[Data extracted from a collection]
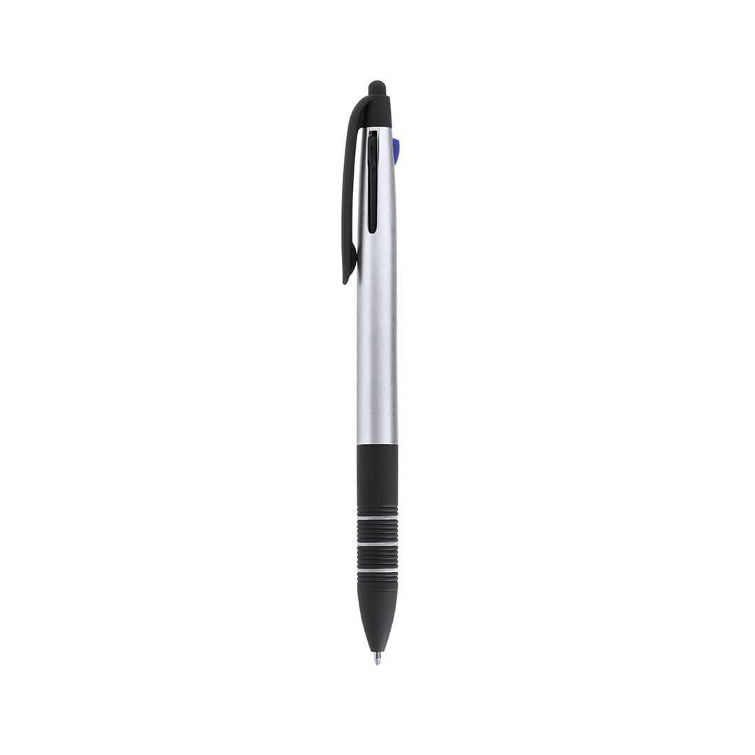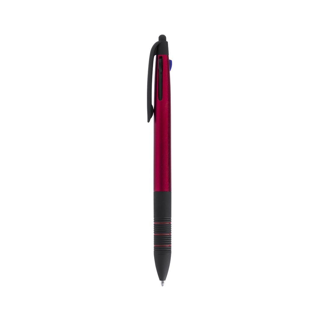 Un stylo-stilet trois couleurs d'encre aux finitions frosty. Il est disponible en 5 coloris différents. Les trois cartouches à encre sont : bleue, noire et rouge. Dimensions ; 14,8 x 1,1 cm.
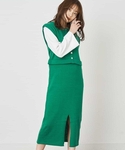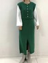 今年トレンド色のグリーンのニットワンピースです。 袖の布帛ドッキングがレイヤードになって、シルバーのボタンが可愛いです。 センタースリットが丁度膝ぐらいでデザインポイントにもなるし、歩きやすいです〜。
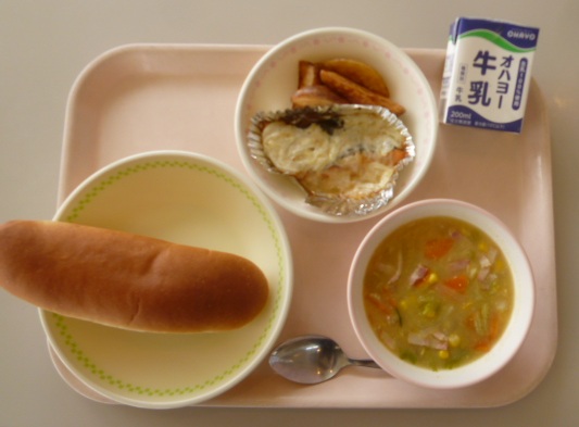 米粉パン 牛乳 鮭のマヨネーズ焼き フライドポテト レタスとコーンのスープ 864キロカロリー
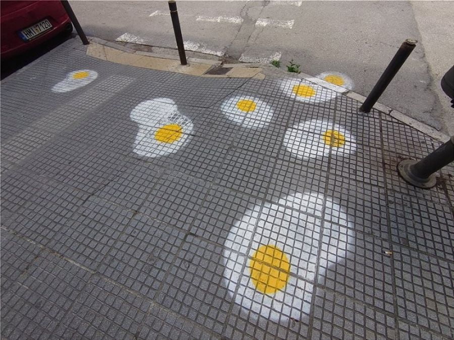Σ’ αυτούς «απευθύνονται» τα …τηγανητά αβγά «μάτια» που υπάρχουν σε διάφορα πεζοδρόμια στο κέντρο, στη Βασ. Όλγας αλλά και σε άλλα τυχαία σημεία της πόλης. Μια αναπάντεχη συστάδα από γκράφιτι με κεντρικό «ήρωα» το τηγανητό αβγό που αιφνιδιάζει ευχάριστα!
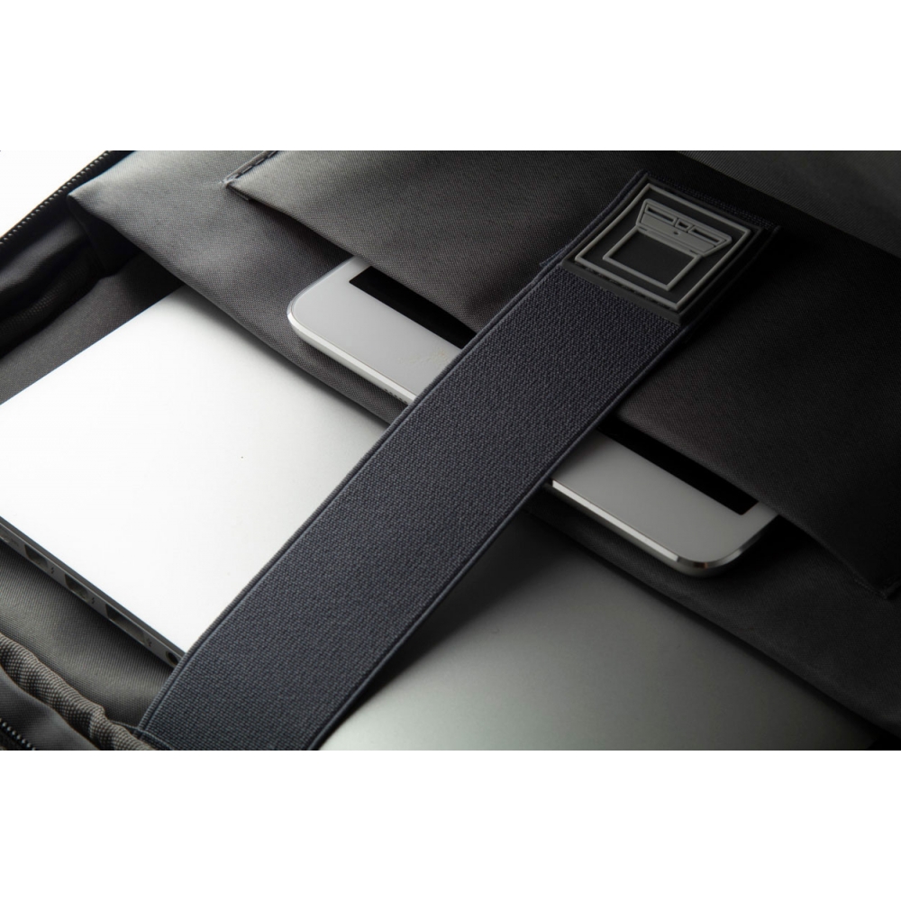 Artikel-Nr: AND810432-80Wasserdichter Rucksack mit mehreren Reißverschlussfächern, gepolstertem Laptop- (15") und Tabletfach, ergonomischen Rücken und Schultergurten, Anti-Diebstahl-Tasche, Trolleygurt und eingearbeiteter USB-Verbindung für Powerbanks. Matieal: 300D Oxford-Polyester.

YOUR ASSIGNMENT – Your reply should restate the data above word for word and contain no pictures.

RESULT OF THIS TASK –
 Un stylo-stilet trois couleurs d'encre aux finitions frosty. Il est disponible en 5 coloris différents. Les trois cartouches à encre sont : bleue, noire et rouge. Dimensions ; 14,8 x 1,1 cm.
 今年トレンド色のグリーンのニットワンピースです。 袖の布帛ドッキングがレイヤードになって、シルバーのボタンが可愛いです。 センタースリットが丁度膝ぐらいでデザインポイントにもなるし、歩きやすいです〜。
 米粉パン 牛乳 鮭のマヨネーズ焼き フライドポテト レタスとコーンのスープ 864キロカロリー
Σ’ αυτούς «απευθύνονται» τα …τηγανητά αβγά «μάτια» που υπάρχουν σε διάφορα πεζοδρόμια στο κέντρο, στη Βασ. Όλγας αλλά και σε άλλα τυχαία σημεία της πόλης. Μια αναπάντεχη συστάδα από γκράφιτι με κεντρικό «ήρωα» το τηγανητό αβγό που αιφνιδιάζει ευχάριστα!
 Artikel-Nr: AND810432-80Wasserdichter Rucksack mit mehreren Reißverschlussfächern, gepolstertem Laptop- (15") und Tabletfach, ergonomischen Rücken und Schultergurten, Anti-Diebstahl-Tasche, Trolleygurt und eingearbeiteter USB-Verbindung für Powerbanks. Matieal: 300D Oxford-Polyester.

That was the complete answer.